AMGC Seminar

Thursday, 17 December, 2015 - 14:00
7G424
AMGC Seminars

Endocrine activity in Zenne river water, WWTPs, and hospital effluent using a reporter gene assay

Kersten VAN LANGENHOVE

Endocrine disruption and chemicals responsible for this disruption have been talk of the town for some years now. An endocrine disrupting compound is defined as an exogenous agent(s) that interferes with synthesis, secretion, transport, metabolism, binding action, or elimination of natural blood-borne hormones that are present in the body and are responsible for homeostasis, reproduction, and developmental processes (US EPA). The problem with these compounds lies in their complexity and diversity of chemical classes to which these EDCs belong as phthalates, bisphenols, parabens, benzophenones (to name a few), … have all been shown to exhibit endocrine disrupting properties and are quite diverse in structure and source.

Many of these chemicals are used as or present in pharmaceuticals and personal care products (PPCPs) and are of anthropogenic origin. As such, these compounds end up in our wastewater and recently much attention has been paid to PPCPs in river waters and waste effluents, as reflected in the latest Water Framework Directive of 2013. This WFD aims to improve the quality of surface waters in Europe and contains a list of 33 new pollutants and 8 previously regulated legacy compounds. In addition, the EU commission also brought to life a watch list containing 15 chemicals for monitoring and possible inclusion in the next WFD. Among them are dioxins and dioxin-like PCBs, diclofenac and oestrogens, both natural (E2) and synthetic (EE2) in origin.
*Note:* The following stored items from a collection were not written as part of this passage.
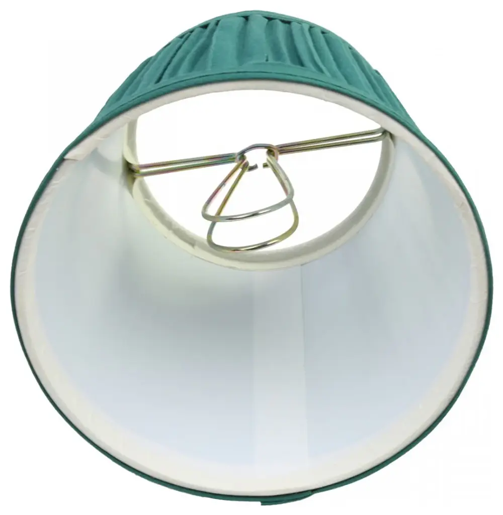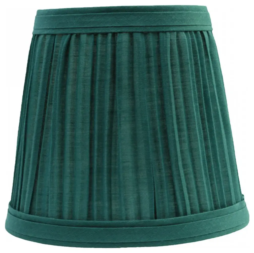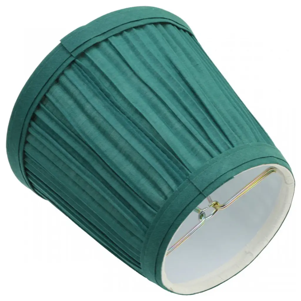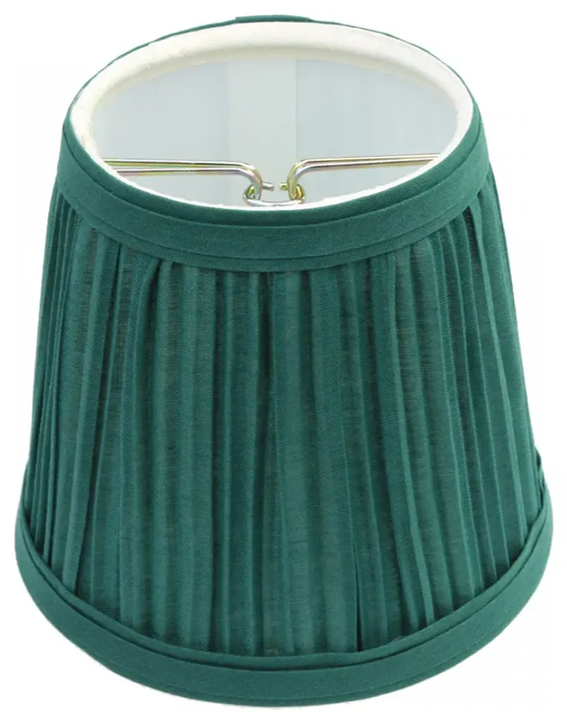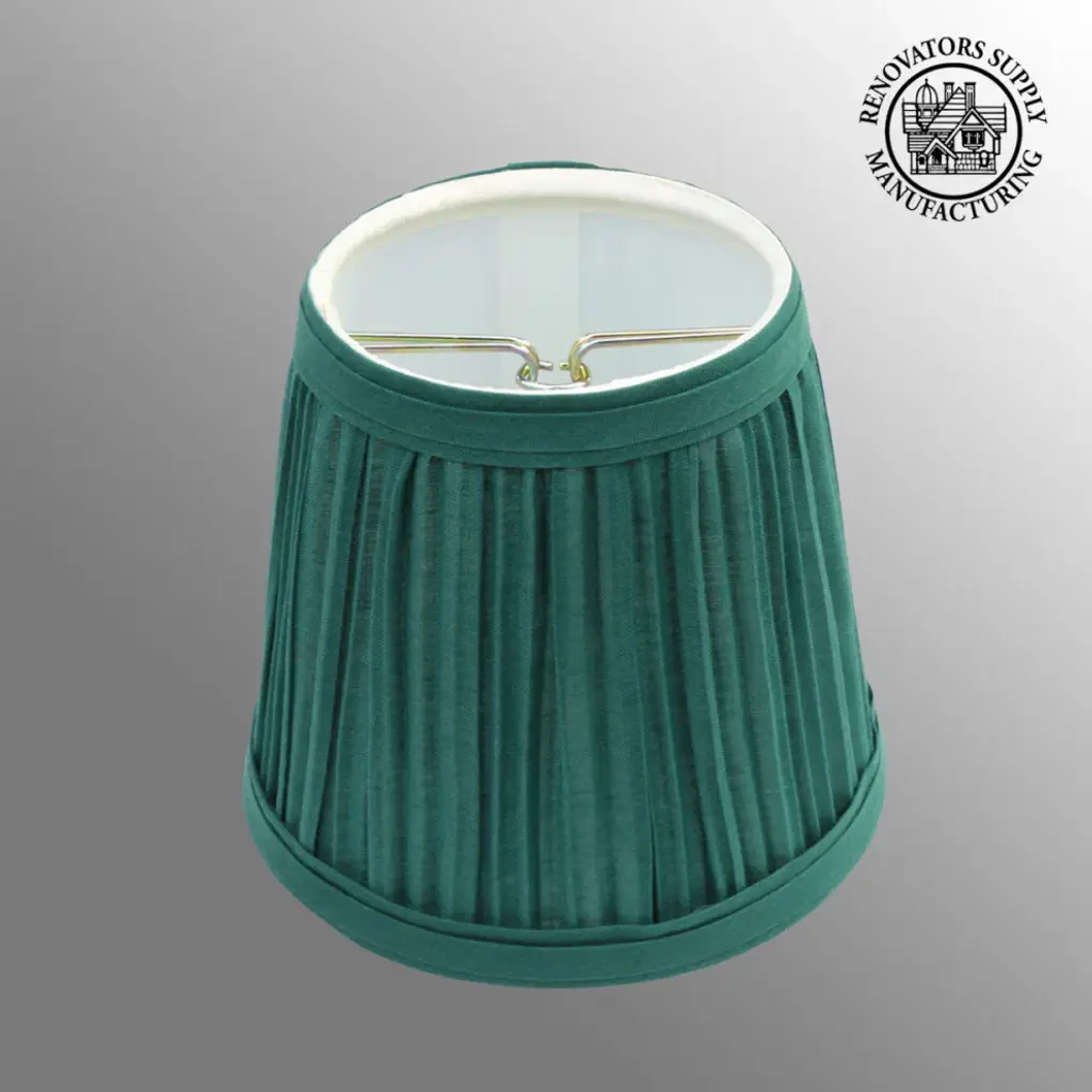 Item 99907 VINTAGE HUNTER GREEN FABRIC PLEATED SMALL CLIP-ON LAMP SHADESOur Hunter Green Mushroom Lamp Shade is handcrafted by industry experts into a beautiful pleated finish. Durable and long lasting natural fabric is selected to construct these masterpieces. The top and bottom band consists of matching fabric. These traditional style Clip On style lamp shades can instantly and inexpensively change the appearance of your lamps.FEATURES- Approximately 4 1/16 in. high x 3 in. top diameter, 4 1/2 in. bottom diameter.- Our Small Clip on Lamp Shades is designed to fit standard candelabra bulbs.- Check our other color lampshades and choose according to your room or your lamp base.- For fit, measure you existing shade or verify whether you need a shade for a candelabra standard or medium or other size bulb before purchase.- Modern clip-on lamp shades feature wire assemblies that slide down over the bulb.SATISFACTION GUARANTEERenovators Supply Manufacturing offers you great value products for your money and a perfect way to spend wisely. We also provide 30 days guarantee with no fee.
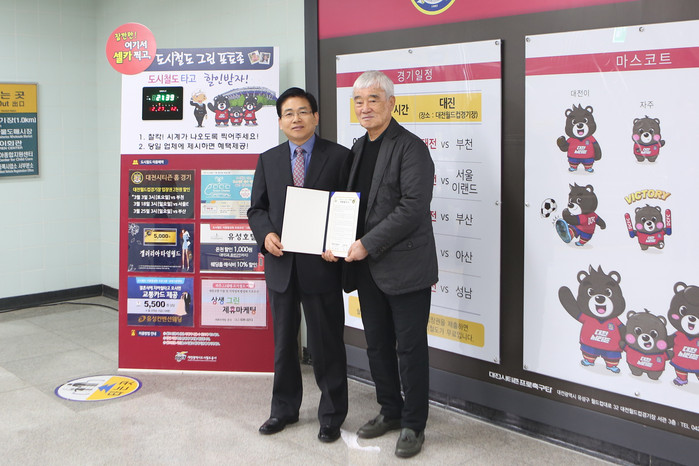 공사 김민기 사장은 “이번 협약으로 시민구단인 대전시티즌이 시민에게 사랑받고 홈경기가 더 흥행할 수 있을 것”이라며“지역 제휴업체의 협약을 더욱 확대해 시민에게 많은 서비스를 제공해 나가겠다”고 말했다.
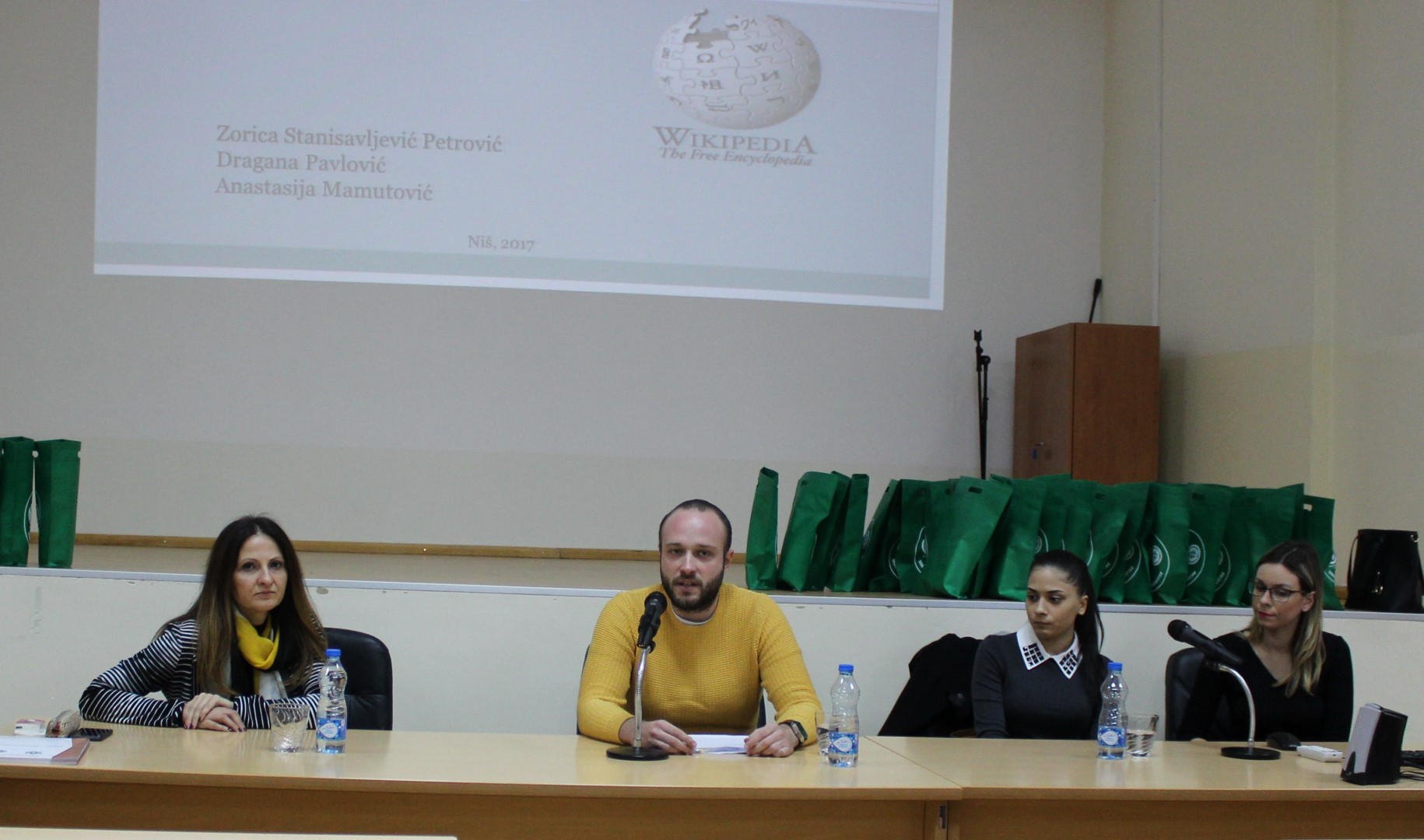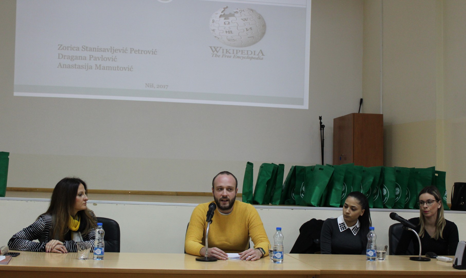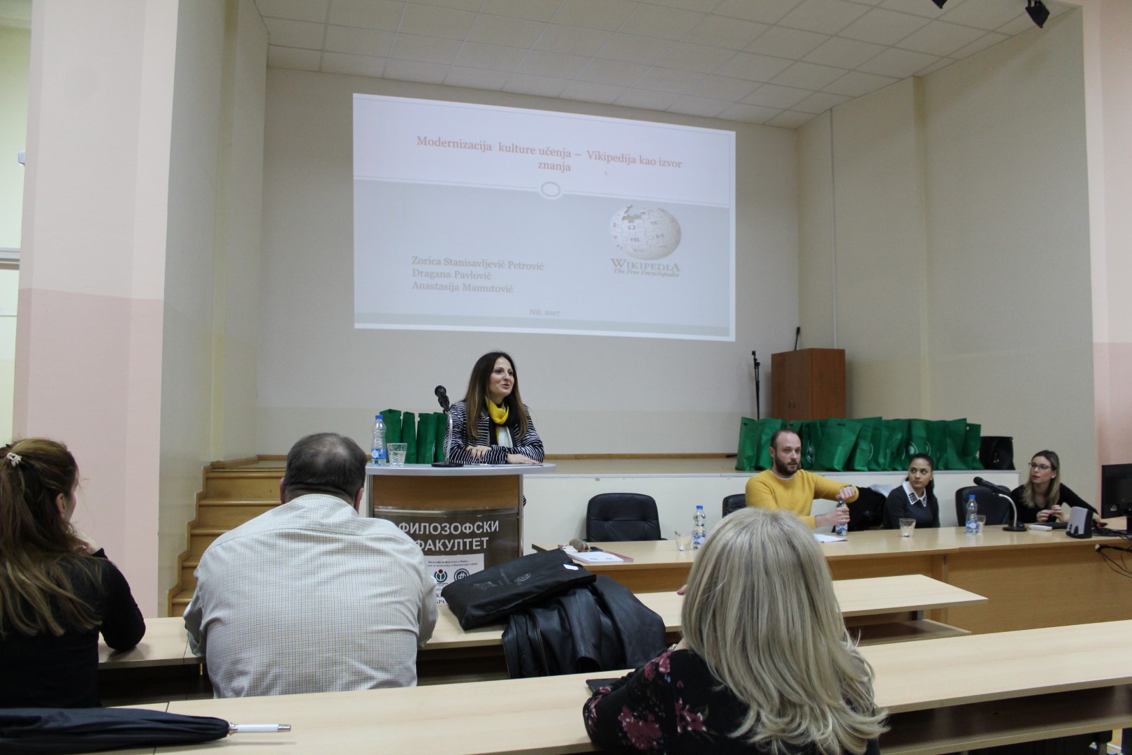 Википедија у образовању је назив занимљиве трибине коју су заједничким снагама организовали Департман за педагогију Филозофског факултета у Нишу и Викимедија Србије, а која је изазвала велико интересовање не само студената, већ и шире јавности.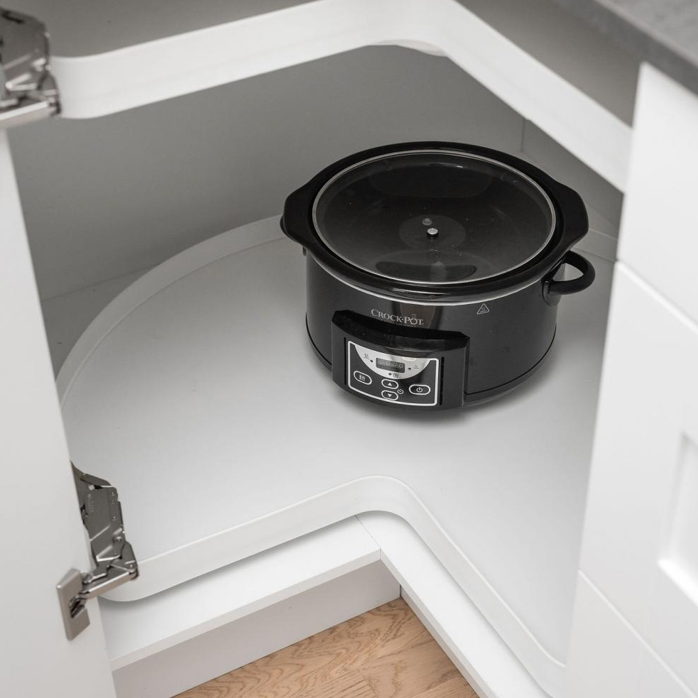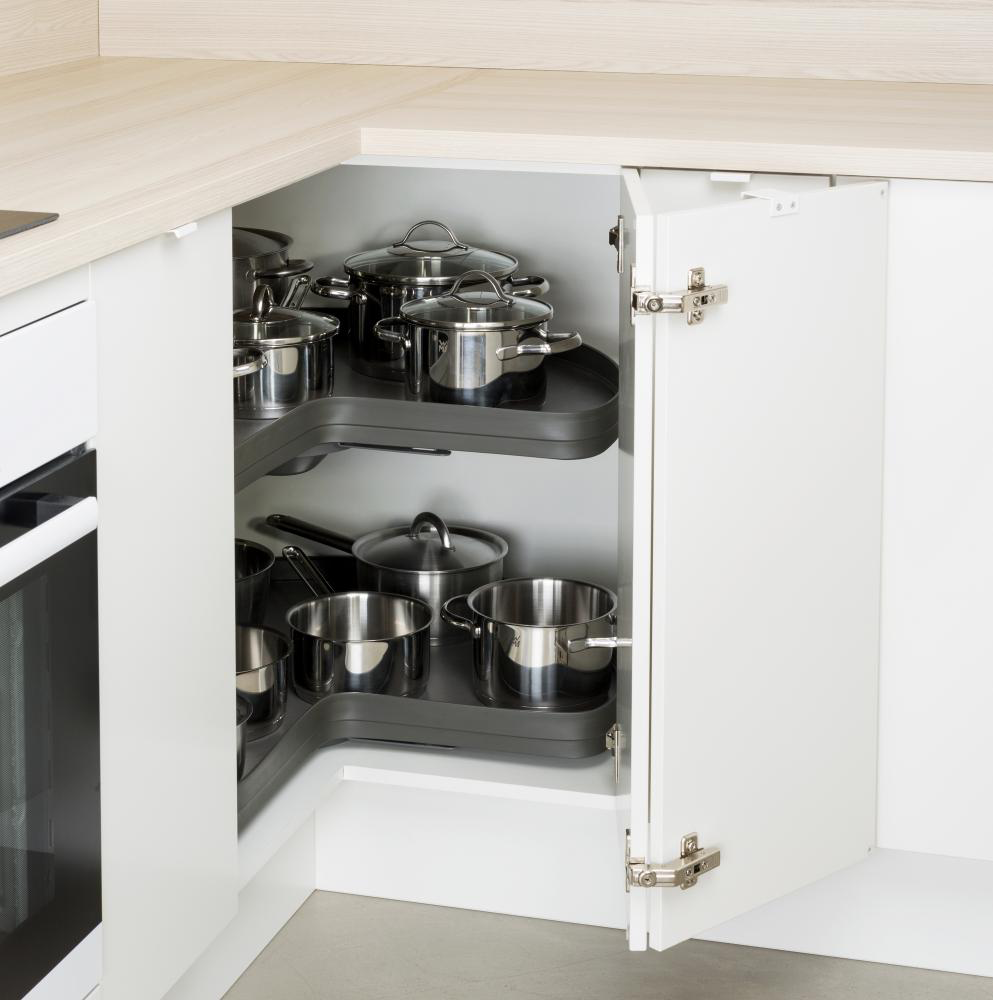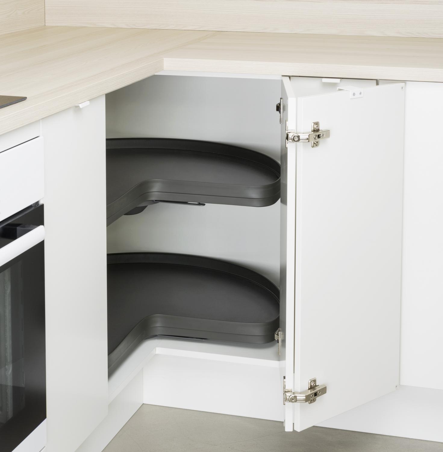 - Täysipohja ja ilman keskikeppiä maksimoivat tämän 3/4-karusellin säilytysmahdollisuudet nurkkakaapissa.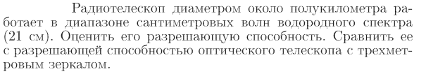 Радиотелескоп диаметром около полукилометра работает в диапазоне сантиметровых волн водородного спектра (21 см). Оценить его разрешающую способность. Сравнить ее с разрешающей способностью оптического телескопа с трехметровым зеркалом.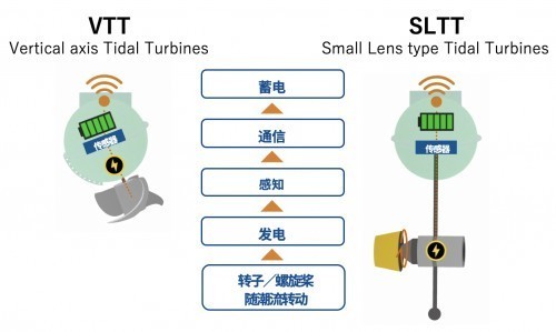 (左SLTT (Small Lens type Tidal Turbines)、右VTT (Vertical axis Tidal Turbines)

Given that many of these compounds are used or secreted by humans, wastewater provides an interesting matrix to investigate, especially in the Brussels region. The Brussels capital region houses a little under 1.2 million inhabitants on an area of 161km2 with only 2 major wastewater treatment plants that dispose treated wastewater to the Zenne river crossing Brussels. The challenge for these WWTPs is to operate under regulatory framework and less to specific chemicals of emerging concern. Additionally, treatment stages differ between plants and offer varying degrees of removal efficiencies for these compounds leading them to eventually end up in the Zenne River.

Our objective at hand is to establish a glimpse of the Zenne River status for endocrine disrupting compounds. In order to accomplish this, we will use both bioassays and chemo-analytical instruments to determine EDC loads in the Zenne River, influents and effluents of both WWTPs and also effluent waters of a Brussels hospital. Using bioassay technology, we are able to look at total oestrogenicity of any water sample rather than at concentrations of individually selected compounds. The bioassay chosen for this task is an in vitro transactivational reporter gene assay using BG1 ovarian adenocarcinoma wild type cells as a foundation. Using selective SPE procedures to extract our target compounds (steroid oestrogens and chemicals with similar physicochemical properties) and the reporter gene that is sensitive to oestrogens, we are able to generate oestrogen-like activities expressed as ng E2-equivalent/L. These results will enable us to look at the degradation efficiency of WWTPs, to levels reaching the Zenne River and possible evaluation of their impact on the river’s biological diversity.